Simple move, but very nice one, Google.
Though I am taking bets on how long it will take for malware to block anti-virus/anti-fraud sites or blocking for negative SEO purposes.
It will be nice not having to type -site:www.variable.com
You stated that " Stack Overflow does a far better job of getting quality answers these days," which was immediately followed by an assertion that EE is obsolete. The only logical conclusion to your statements is that you believe EE to be obsolete because of Stack Overflow. My only question is regarding how Stack Overflow makes EE obsolete when EE is only comprised of about 10% programming topics. Oh, and in what part of the world does someone need clarification on what Exchange means in this context?
for the last time it's not a paywall either.. if you scroll to the bottom you can still see the actual results and answers, use your end key.
As others have said, this only works if you have a Google (and possibly other sites) referrer. If you go directly to http://www.experts-exchange.com/Software/Server_Software/Email_Servers/Exchange/Q_23968962.html, you will not see any answers at the bottom. If you go to http://www.google.com/search?q=Exchange+2007+shell+cmd+to+show+mailbox+sizes+in+a+store%3F+site%3Aexperts-exchange.com and click through on the first result, then you'll see the answer at the bottom. If you then go directly to http://www.experts-exchange.com/Software/Server_Software/Email_Servers/Exchange/Q_23968962.html again, you will once again not see any answers at the bottom.
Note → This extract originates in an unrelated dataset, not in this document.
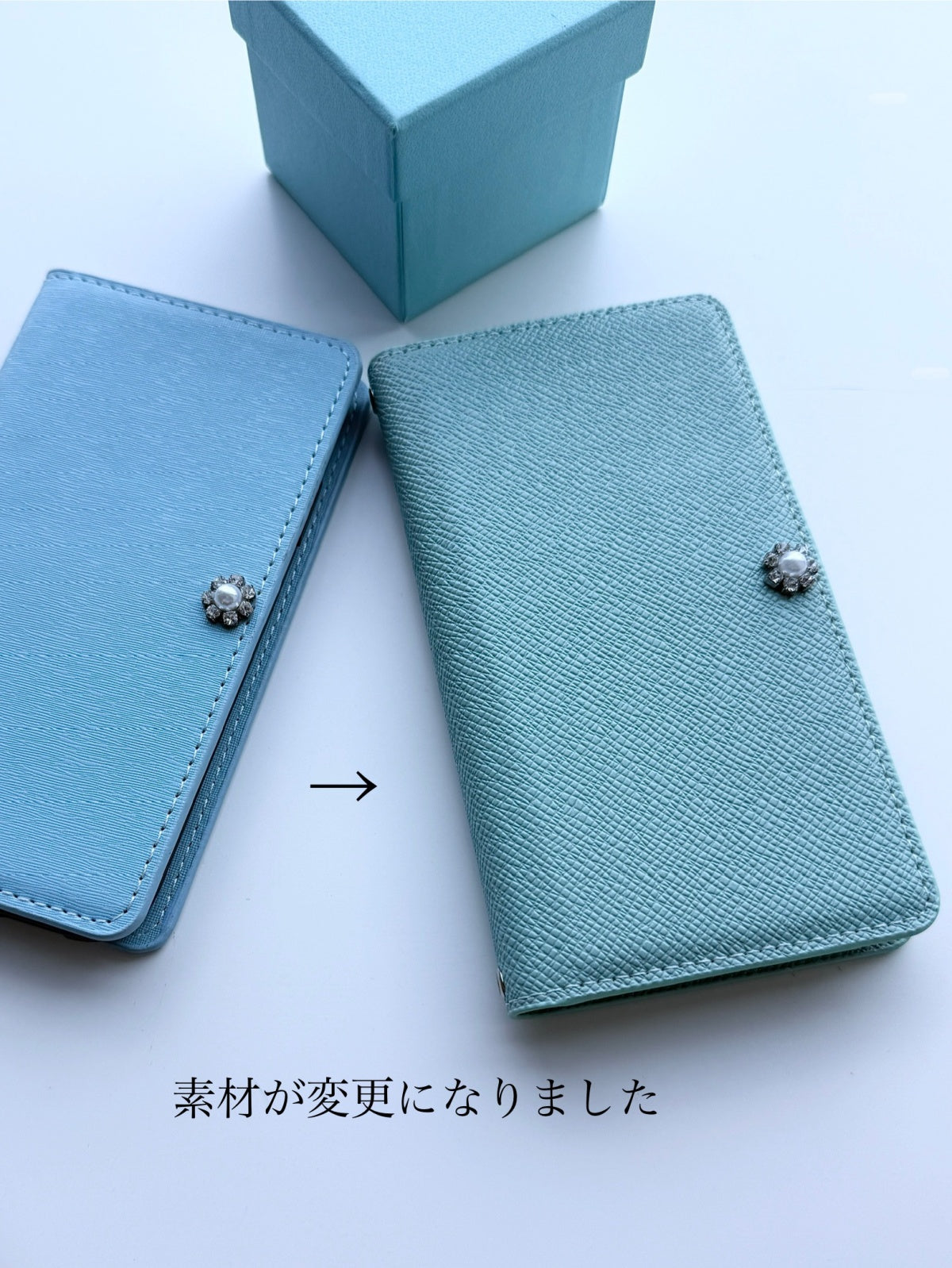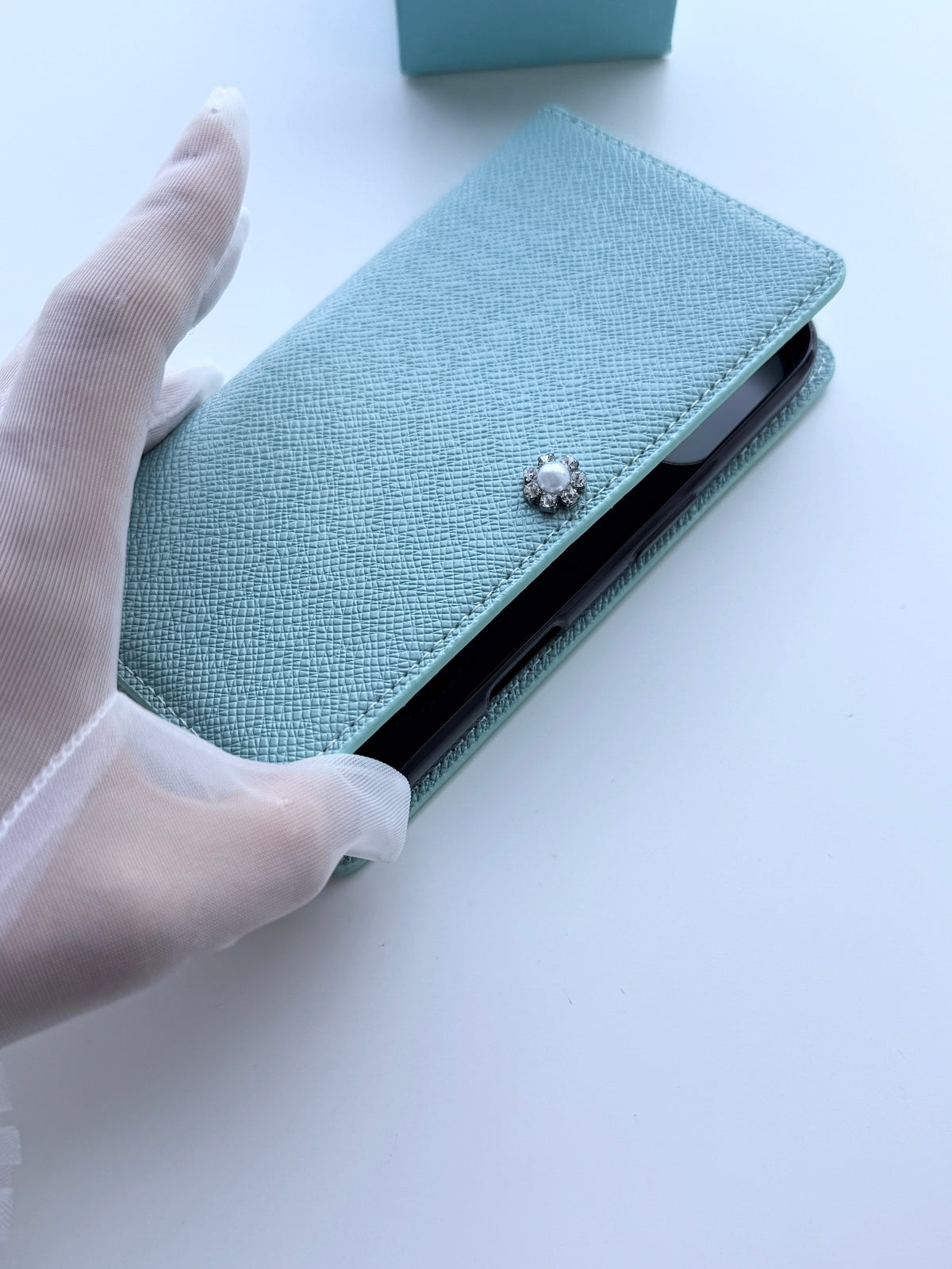 ✦ 上品なティファニーカラーに艶パールを添えた、大人女性のためのスマホケース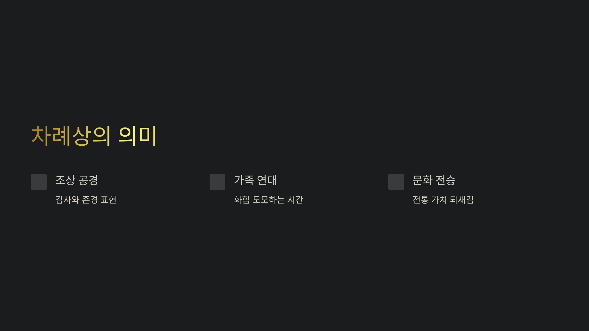 이처럼 차례상은 단순히 '음식 차림'이 아니라, 조상과 후손을 이어주는 다리이자 가족 공동체의 정신을 상징하는 중요한 문화유산이에요.

When I saw the headline of this article, experts-exchange.com is the first thing I thought of. More often than not, whatever question I'm Googling is answered by one (or more) of the five links before EE or the five after. Now that I know you can still see the answers at the bottom, perhaps my first step when I see EE in the results won't be to search again with "-site:experts-exchange.com" added on. As far as I'm concerned, EE is using a paywall on their search results, and hiding the answers at the bottom solely to avoid getting removed from Google. They even have a cute little "Tired of scrolling?" ad at the bottom next to the answers which isn't there on the direct page. Even though I can now see the answers, I dislike the practice, and it has thus far kept me from even giving the site a second look.
I didn't realize that you could cover the cost of subscription by answering questions, so I'll probably do that just to have the access handy for when a problem does come up. I do enough free tech support on my site and other forums, so I might as well answer a few questions at EE and "get something" for it. Again, this decision is based on your post, whereas EE's site has conditioned me to simply click "Back" or "X" when I stumble upon one of their pages while trying to solve a problem, or just completely exclude their domain from my searches. While I'm sure there are smarter people out there, I am generally considered quite knowledgeable and helpful, and yet I'm the kind of person EE is alienating. Based on the other comments here, I'm not the only one (and while /.ers might not be the most friendly people in general, they're probably more knowledgeable about tech issues than average).